Hearts and Minds

I am currently working as an associate to another training company, which is helping one of our major utilities with a massive IT rollout.  The new system, which is costing hundreds of millions of pounds, will replace a host of incompatible and crumbling legacy systems, some of which date back more than 20 years, with a modern, streamlined, fit-for-purpose corporate platform.  The change and disruption will be huge, affecting everything from working practices and company structure to the culture and internal communications of the entire organisation.   While the potential benefits are fantastic, there is without doubt also potential for disaster.

Fortunately, this company has learnt from previous less-than-successful implementations, and this time has taken to heart the words of John P Kotter and Dan Cohen in Heart of Change.

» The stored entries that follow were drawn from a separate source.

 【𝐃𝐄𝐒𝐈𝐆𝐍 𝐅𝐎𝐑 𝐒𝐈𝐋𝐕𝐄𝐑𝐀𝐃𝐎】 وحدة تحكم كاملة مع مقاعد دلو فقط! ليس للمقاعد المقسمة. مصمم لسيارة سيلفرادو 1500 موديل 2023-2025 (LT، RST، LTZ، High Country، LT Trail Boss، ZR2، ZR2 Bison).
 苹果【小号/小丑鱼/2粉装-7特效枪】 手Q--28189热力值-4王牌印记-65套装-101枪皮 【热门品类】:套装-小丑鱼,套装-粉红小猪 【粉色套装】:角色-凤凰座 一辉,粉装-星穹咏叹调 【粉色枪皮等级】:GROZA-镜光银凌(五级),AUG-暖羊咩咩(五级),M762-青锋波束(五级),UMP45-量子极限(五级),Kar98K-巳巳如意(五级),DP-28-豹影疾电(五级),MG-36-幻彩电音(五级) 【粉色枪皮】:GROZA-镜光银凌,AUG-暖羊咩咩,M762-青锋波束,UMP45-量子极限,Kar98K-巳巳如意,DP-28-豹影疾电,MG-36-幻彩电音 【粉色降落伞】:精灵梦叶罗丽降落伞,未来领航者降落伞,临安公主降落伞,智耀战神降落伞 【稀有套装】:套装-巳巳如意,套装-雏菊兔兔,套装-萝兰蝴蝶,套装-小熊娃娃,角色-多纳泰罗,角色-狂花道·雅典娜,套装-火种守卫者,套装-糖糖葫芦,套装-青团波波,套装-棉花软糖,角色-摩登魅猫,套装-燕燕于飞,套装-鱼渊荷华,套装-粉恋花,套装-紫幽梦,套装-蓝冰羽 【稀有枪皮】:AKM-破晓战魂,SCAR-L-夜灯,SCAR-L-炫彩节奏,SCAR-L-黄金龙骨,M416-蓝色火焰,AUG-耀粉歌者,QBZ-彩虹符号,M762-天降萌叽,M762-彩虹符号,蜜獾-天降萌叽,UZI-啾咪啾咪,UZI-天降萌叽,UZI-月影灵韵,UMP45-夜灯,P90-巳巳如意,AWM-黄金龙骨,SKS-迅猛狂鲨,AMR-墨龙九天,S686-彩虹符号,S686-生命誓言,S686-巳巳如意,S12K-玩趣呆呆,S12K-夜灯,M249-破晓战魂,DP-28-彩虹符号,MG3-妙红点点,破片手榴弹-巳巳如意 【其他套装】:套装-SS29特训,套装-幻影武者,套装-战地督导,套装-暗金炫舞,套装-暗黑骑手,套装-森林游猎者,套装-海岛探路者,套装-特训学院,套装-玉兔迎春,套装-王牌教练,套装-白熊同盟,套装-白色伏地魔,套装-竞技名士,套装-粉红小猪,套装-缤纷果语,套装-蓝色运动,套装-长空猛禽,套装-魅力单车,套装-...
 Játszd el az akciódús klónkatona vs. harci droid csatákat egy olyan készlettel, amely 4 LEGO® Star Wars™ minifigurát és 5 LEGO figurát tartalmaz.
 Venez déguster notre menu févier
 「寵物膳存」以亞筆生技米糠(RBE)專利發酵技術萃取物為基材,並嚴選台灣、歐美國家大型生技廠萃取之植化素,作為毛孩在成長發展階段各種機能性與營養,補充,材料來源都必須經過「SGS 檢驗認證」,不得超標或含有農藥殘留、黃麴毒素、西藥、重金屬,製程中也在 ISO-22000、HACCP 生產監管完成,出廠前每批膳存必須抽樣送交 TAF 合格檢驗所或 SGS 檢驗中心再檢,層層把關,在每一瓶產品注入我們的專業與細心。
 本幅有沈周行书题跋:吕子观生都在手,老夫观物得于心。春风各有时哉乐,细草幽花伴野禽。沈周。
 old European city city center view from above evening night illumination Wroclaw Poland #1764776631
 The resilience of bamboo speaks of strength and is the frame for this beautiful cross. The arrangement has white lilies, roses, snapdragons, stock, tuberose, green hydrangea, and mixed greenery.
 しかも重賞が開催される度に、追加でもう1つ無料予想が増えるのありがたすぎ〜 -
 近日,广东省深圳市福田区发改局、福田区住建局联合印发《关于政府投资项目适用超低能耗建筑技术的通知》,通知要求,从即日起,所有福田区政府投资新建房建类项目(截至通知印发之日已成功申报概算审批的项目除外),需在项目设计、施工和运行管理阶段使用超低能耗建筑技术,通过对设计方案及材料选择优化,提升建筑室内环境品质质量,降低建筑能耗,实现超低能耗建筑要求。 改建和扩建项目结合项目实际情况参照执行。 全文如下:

They have realised that for such a massive rollout to work, the key is not screens and keystrokes, not bandwidth and reporting, but hearts and minds.  That is not to say that the effectiveness of the technology is not important.  Flaky systems that fall over, frustrating screens that demand seemingly irrelevant information, security that is so tight it prevents functionality – all of these lead to user-frustration and dissatisfaction with the upgrade.  But none of these will be deal-breakers.  As long as the organisation is seen to admit the shortcomings, and works towards improvements as and when the business can, engaged and committed employees will be remarkably forgiving of glitches.  But fail to win that engagement and commitment, and no amount of whizzy screens and new technology is going to work.  Users will look for faults and problems, and as sure as bytes is bytes, they will find them. 

In this case, the commitment to engagement has been laudable.  Future end-users have been properly consulted at every step of the design, from helicopter overview of processes to screen-by-screen input into look and feel.  The company has put considerable effort into hosting a whole series of pre-launch roadshows and workshops to give adequate time discuss all aspects the changes with the entire workforce, including plenty of chance for the doubters to air their (often quite legitimate) concerns, with a corporate commitment to listen carefully to all the feedback.  There has also been an emphasis to ensure that both training and post-launch support are well resourced.

No system rollout of this size can be expected to run without a hiccup.  But with this much effort going into engaging and involving every single member of staff in every step of the journey, the chances of eventual success are very high indeed.